Some worship experiences are meant to clear the decks, to dispose of one week’s insults and frustrations on Sunday so as to create new hopes for Monday. One theory of dreams is that they are the molecular sorting and discharge of unfinished or useless images and sensations, so that the mind is unburdened for conscious thought. Turner explored this on a cultural level, something like a New Year’s celebration at which people write regrets and apologies and failures on slips of paper and then burn them to symbolize their destruction to prepare for a clean start.
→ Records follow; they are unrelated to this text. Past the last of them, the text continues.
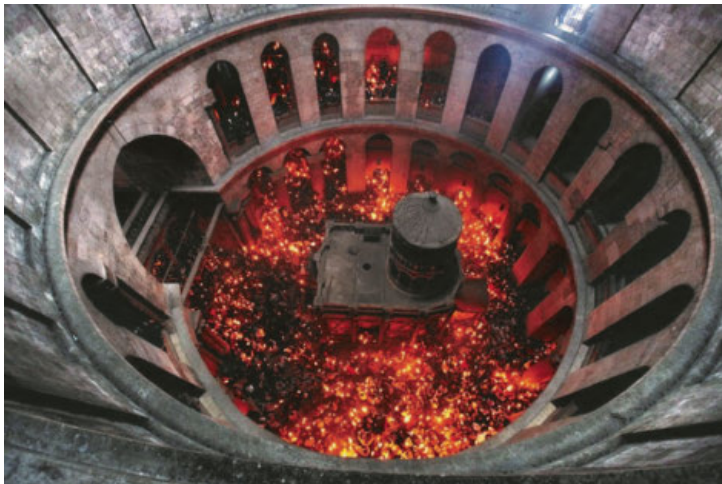
The Light of Christ: The New Fire is borne by worshipers surrounding the "Edicule," which enshrines the tomb of Jesus in the Basilica of the Holy Sepulchre, Jerusalem

Christ is risen! He has burst open the gates of hell and let the dead go free; he has renewed the earth through the members of his Church now born again in baptism, and has made it blossom afresh with men brought back to life. His Holy Spirit has unlocked the doors of heaven, which stand wide open to receive those who rise up from the earth. Because of Christ's resurrection the thief ascends to paradise, the bodies of the blessed enter the holy city, and the dead are restored to the company of the living. There is an upward movement in the whole of creation, each element raising itself to something higher.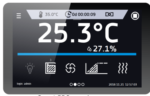
Smart PRO - preview screen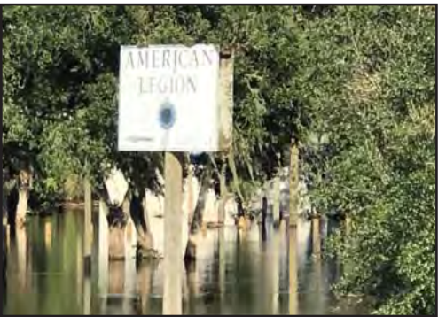
Arcadia Hurricane Damage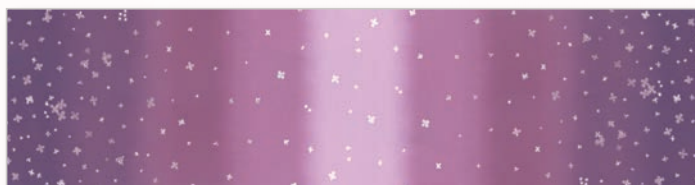
Mauve - 10870 319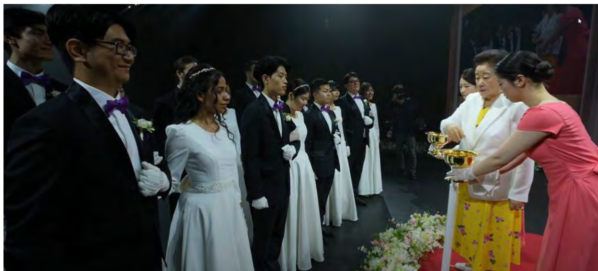
Mother Moon sprinkling holy water on representative couples 15th Feb. 2024

The first part of the ceremony after Mother Moon had entered the stage through two lines of attendants, was the sprinkling of holy water on all the couples. Representative couples were on stage in two lines in front of Hak Ja Han . Attendants sprinkled the water on the other couples. Mother Moon then read the Affirmation of the Blessing Vow, to which everyone shouted a loud yes. Essentially, they promised to do all they could to be a loving and responsible spouse, establish a harmonious family, that would strive to build the kind of world that God originally envisioned, an ideal world where the family is the cornerstone.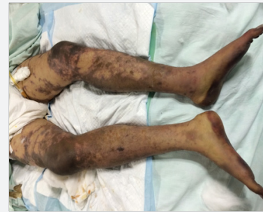
Figure 2: Extensive purpura of lower limbs.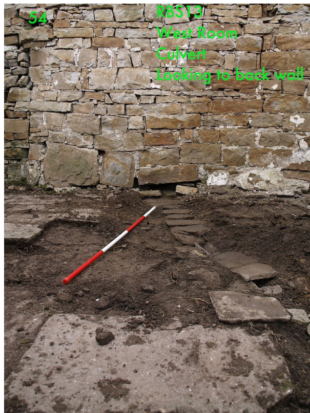
Figure 6: West Room showing culvert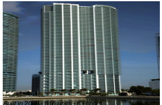
Built in 2008 - 516 units - 63 floors

He proposed that while “over the limen” people were in a state open to forgiveness and renewal, like successful psychotherapy, a child’s cathartic play, or an artist’s creative flow.

My mundane comparison is that while in that “place,” it is as though the gear shift pedal is pushed to the floor so that one can change gears, not in a trivial way, but so as to forgive, to change one’s world view, to loosen repression, or to let thoughts and feelings from others enter one’s own mind. Normally we don’t do this and never realize that we don’t. But it is crucial to “transition ceremonies” (“rites of passage”), like marriage or coming of age. Many argue that the reason so many people seem to fail to bond or to grow up is that they have no effective ritual of change and therefore go right on with single preoccupations or acting like a child. The control of these states is only legal, the proverbial “piece of paper,” instead of new human consciousness. Conversely the ceremonies themselves have become a matter of materialism: “spending and getting.” No one is changed.

I’ll deal with content and some “orders” proposed by other thinkers at a later blog.